**Dataset section**
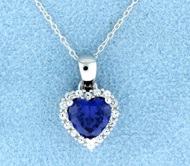Breath taking sterling silver heart shaped pendant with fantastic lab Tanzanite heart gemstone set in a Halo of white sapphires that dangles from an 18" sterling silver chain. 2.2g
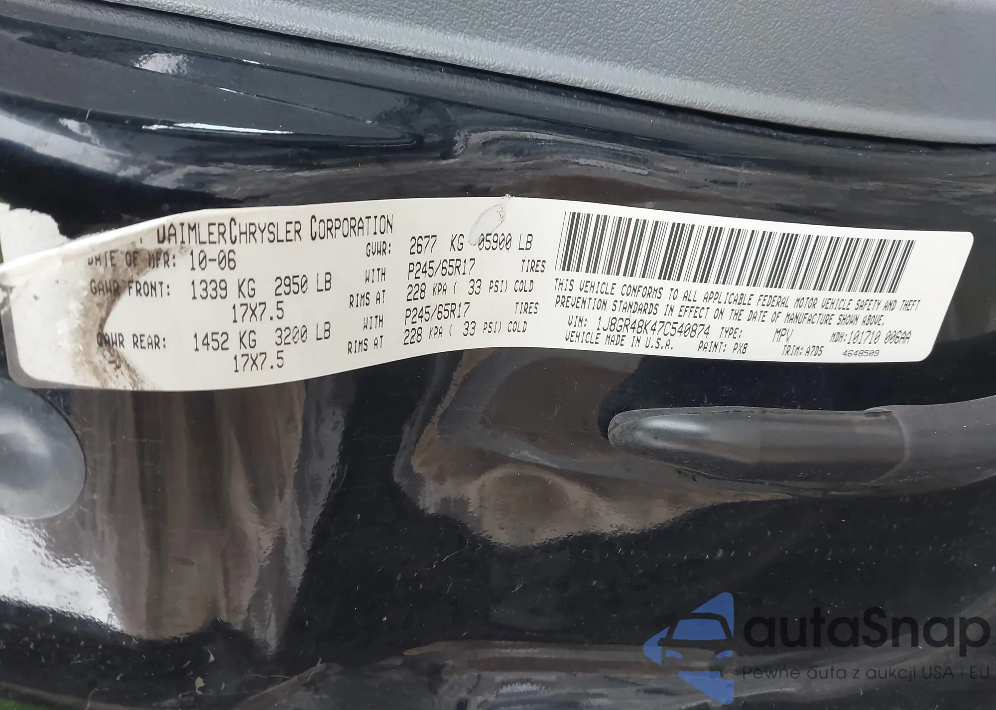 • VIN 1J8GR48K47C540874
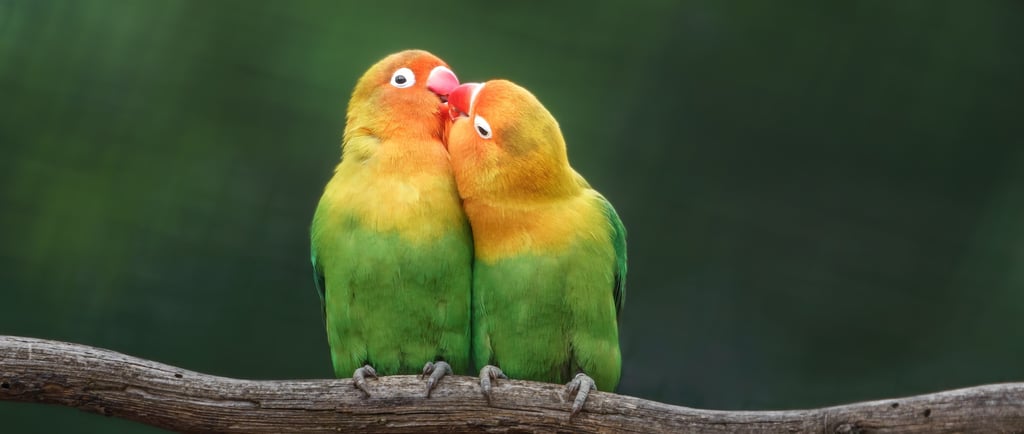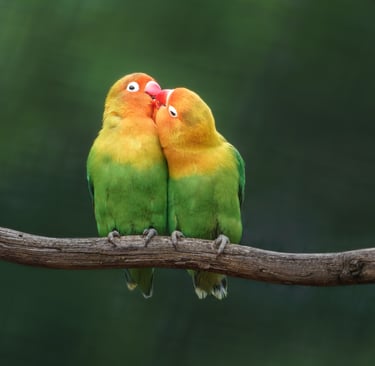 These cute colourful small parrots, usually 12–17 cm (5–7 inches) long, with bright feathers in shades of green, yellow, orange, and blue 🌈. Their name comes from their deep connection with their mates—once they find a partner, they stay together for life! They show their love by snuggling, feeding each other, and chirping sweetly.

**The problem**
Everything in the listing except the pictures must come back exactly as written.

**Result of the exercise**
Breath taking sterling silver heart shaped pendant with fantastic lab Tanzanite heart gemstone set in a Halo of white sapphires that dangles from an 18" sterling silver chain. 2.2g
 • VIN 1J8GR48K47C540874
 These cute colourful small parrots, usually 12–17 cm (5–7 inches) long, with bright feathers in shades of green, yellow, orange, and blue 🌈. Their name comes from their deep connection with their mates—once they find a partner, they stay together for life! They show their love by snuggling, feeding each other, and chirping sweetly.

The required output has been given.